**Recorded data:**
^^^^^^^^
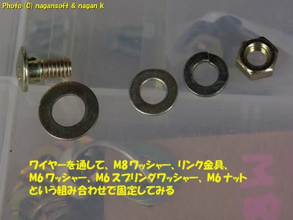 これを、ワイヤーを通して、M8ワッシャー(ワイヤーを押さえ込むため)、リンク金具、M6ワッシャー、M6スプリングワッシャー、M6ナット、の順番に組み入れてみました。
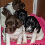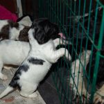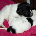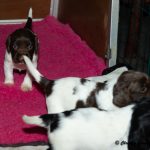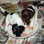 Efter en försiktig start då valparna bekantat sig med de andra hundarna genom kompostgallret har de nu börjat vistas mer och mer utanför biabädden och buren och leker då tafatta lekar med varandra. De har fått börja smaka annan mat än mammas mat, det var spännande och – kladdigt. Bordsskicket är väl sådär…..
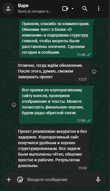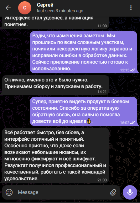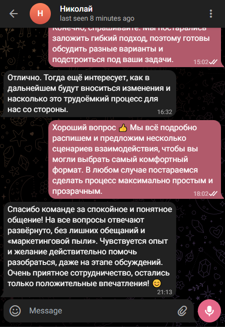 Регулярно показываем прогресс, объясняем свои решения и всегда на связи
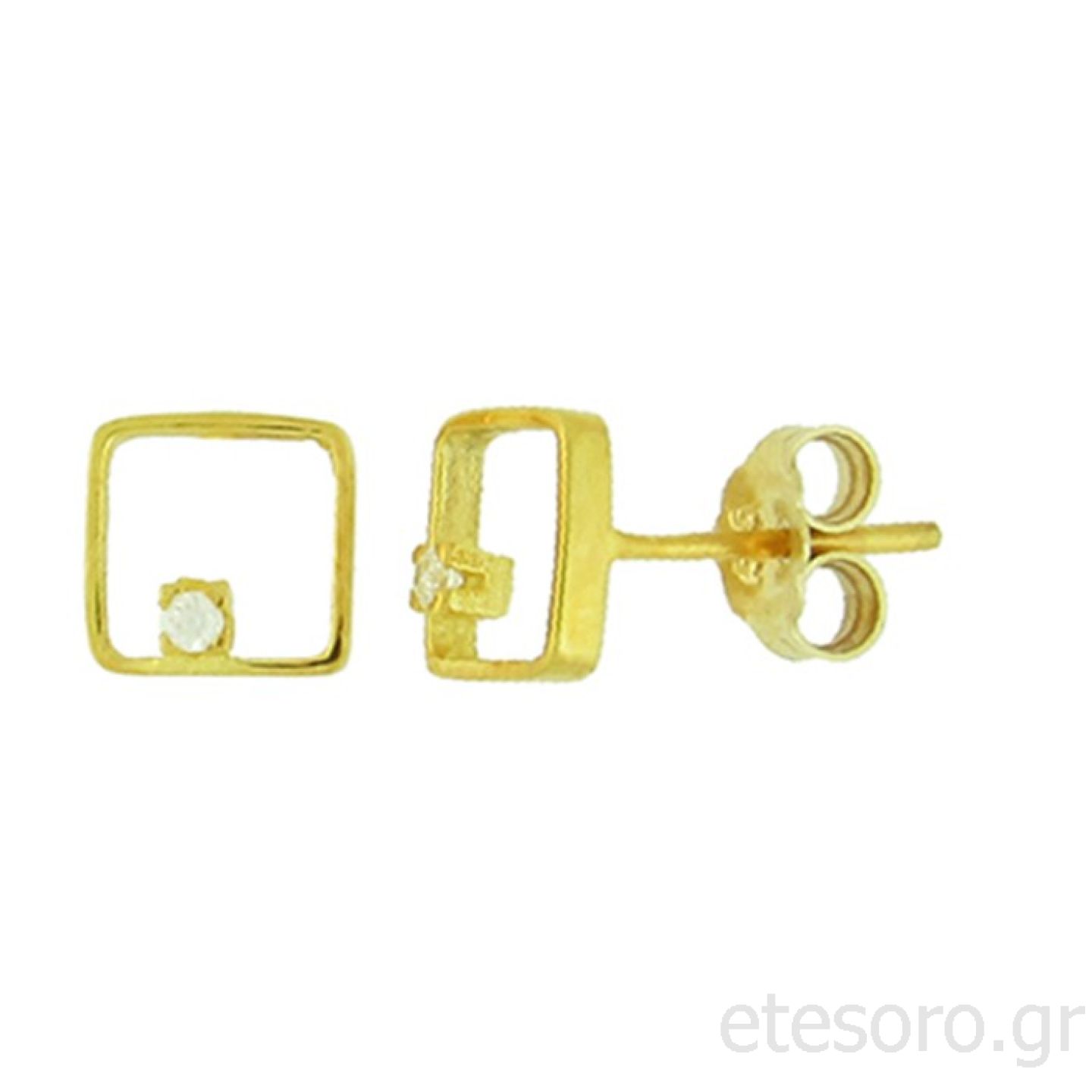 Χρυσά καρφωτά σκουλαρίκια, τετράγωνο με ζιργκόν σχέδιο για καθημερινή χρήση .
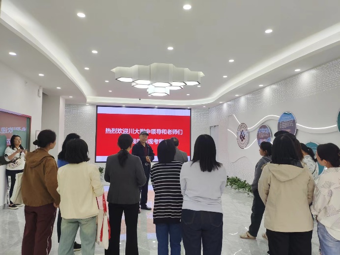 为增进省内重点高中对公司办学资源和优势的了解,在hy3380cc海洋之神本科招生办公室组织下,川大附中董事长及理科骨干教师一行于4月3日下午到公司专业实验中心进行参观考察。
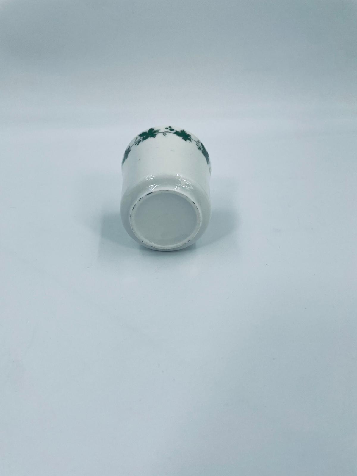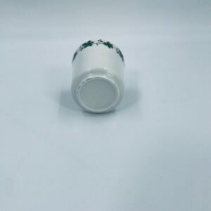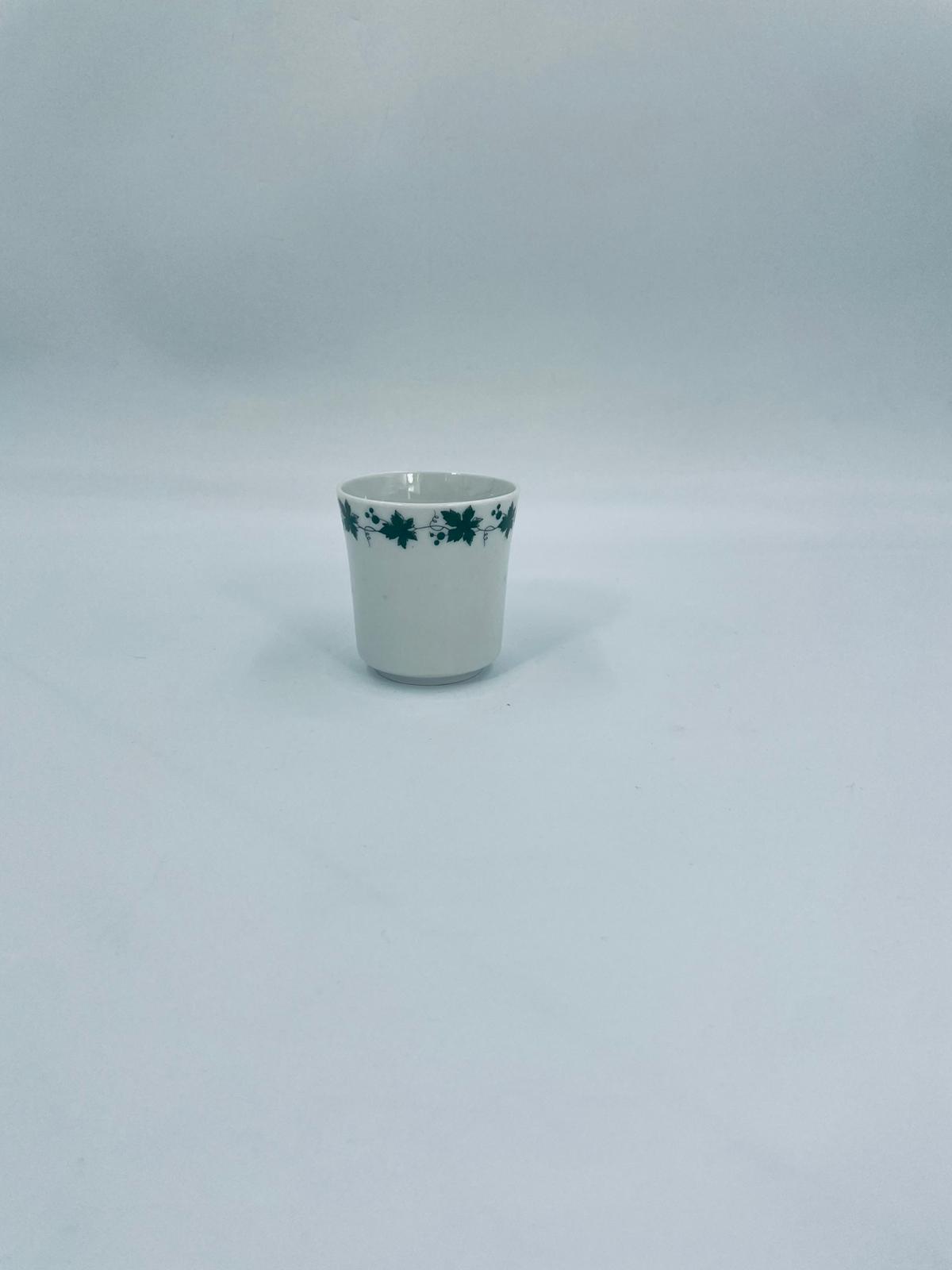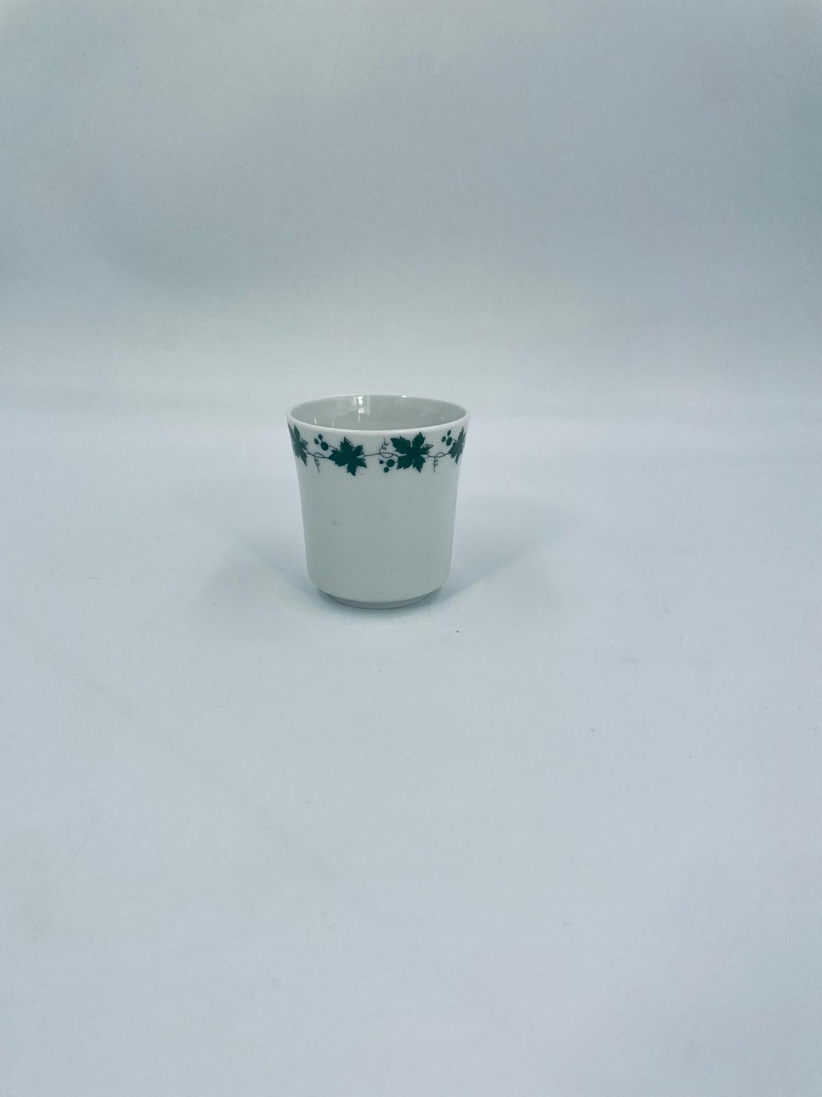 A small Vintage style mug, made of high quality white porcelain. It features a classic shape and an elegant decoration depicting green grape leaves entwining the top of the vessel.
^^^^^^^^
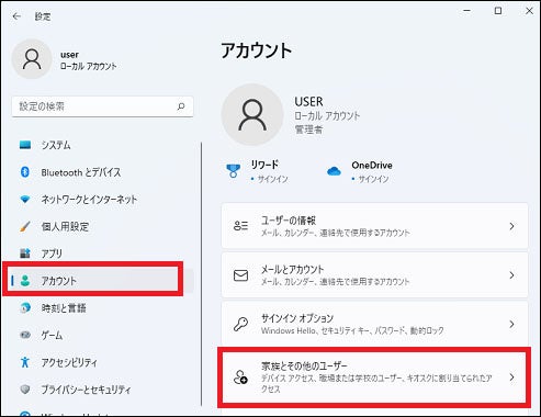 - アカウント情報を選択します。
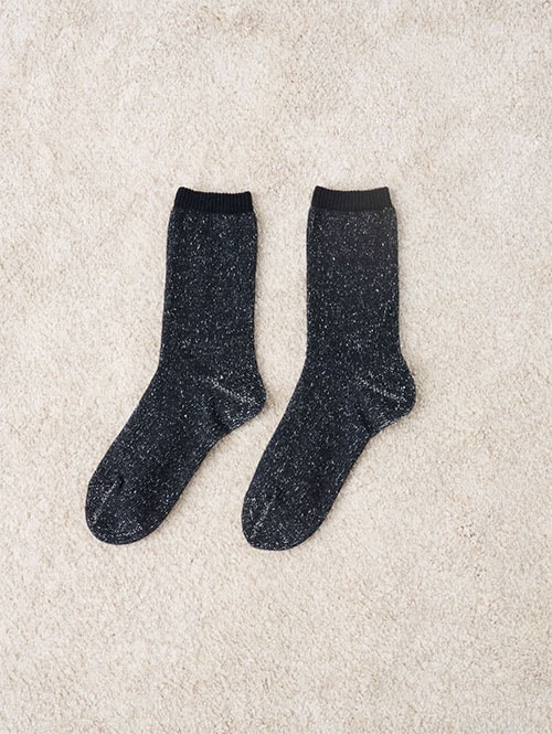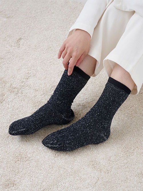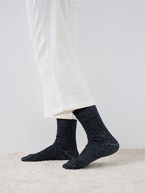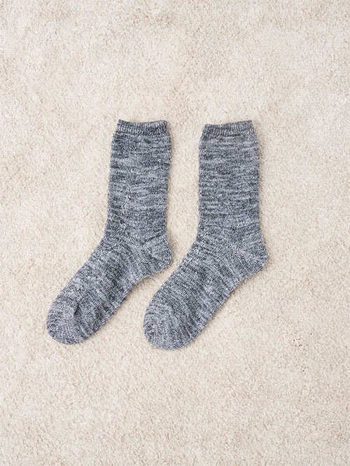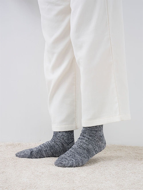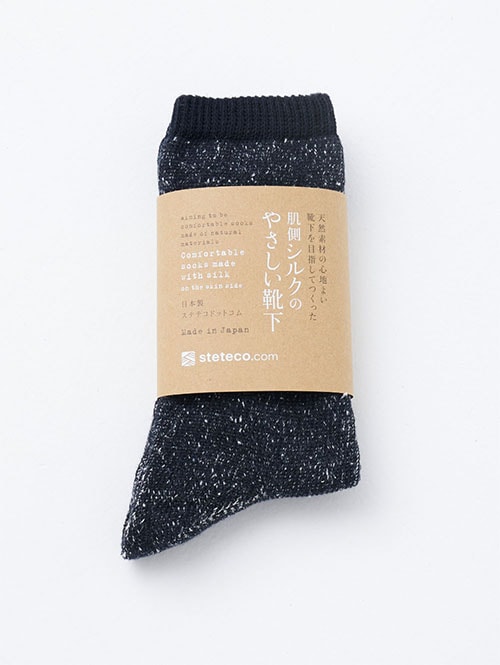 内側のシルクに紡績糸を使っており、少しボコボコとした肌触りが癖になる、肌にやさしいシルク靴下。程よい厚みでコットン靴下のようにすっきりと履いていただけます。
^^^^^^^^
Reproduce the lines above beginning at the line that contains "これを、ワイヤーを通して、M" and ending at the line that contains "A small Vintage". No pictures.

 これを、ワイヤーを通して、M8ワッシャー(ワイヤーを押さえ込むため)、リンク金具、M6ワッシャー、M6スプリングワッシャー、M6ナット、の順番に組み入れてみました。
 Efter en försiktig start då valparna bekantat sig med de andra hundarna genom kompostgallret har de nu börjat vistas mer och mer utanför biabädden och buren och leker då tafatta lekar med varandra. De har fått börja smaka annan mat än mammas mat, det var spännande och – kladdigt. Bordsskicket är väl sådär…..
 Регулярно показываем прогресс, объясняем свои решения и всегда на связи
 Χρυσά καρφωτά σκουλαρίκια, τετράγωνο με ζιργκόν σχέδιο για καθημερινή χρήση .
 为增进省内重点高中对公司办学资源和优势的了解,在hy3380cc海洋之神本科招生办公室组织下,川大附中董事长及理科骨干教师一行于4月3日下午到公司专业实验中心进行参观考察。
 A small Vintage style mug, made of high quality white porcelain. It features a classic shape and an elegant decoration depicting green grape leaves entwining the top of the vessel.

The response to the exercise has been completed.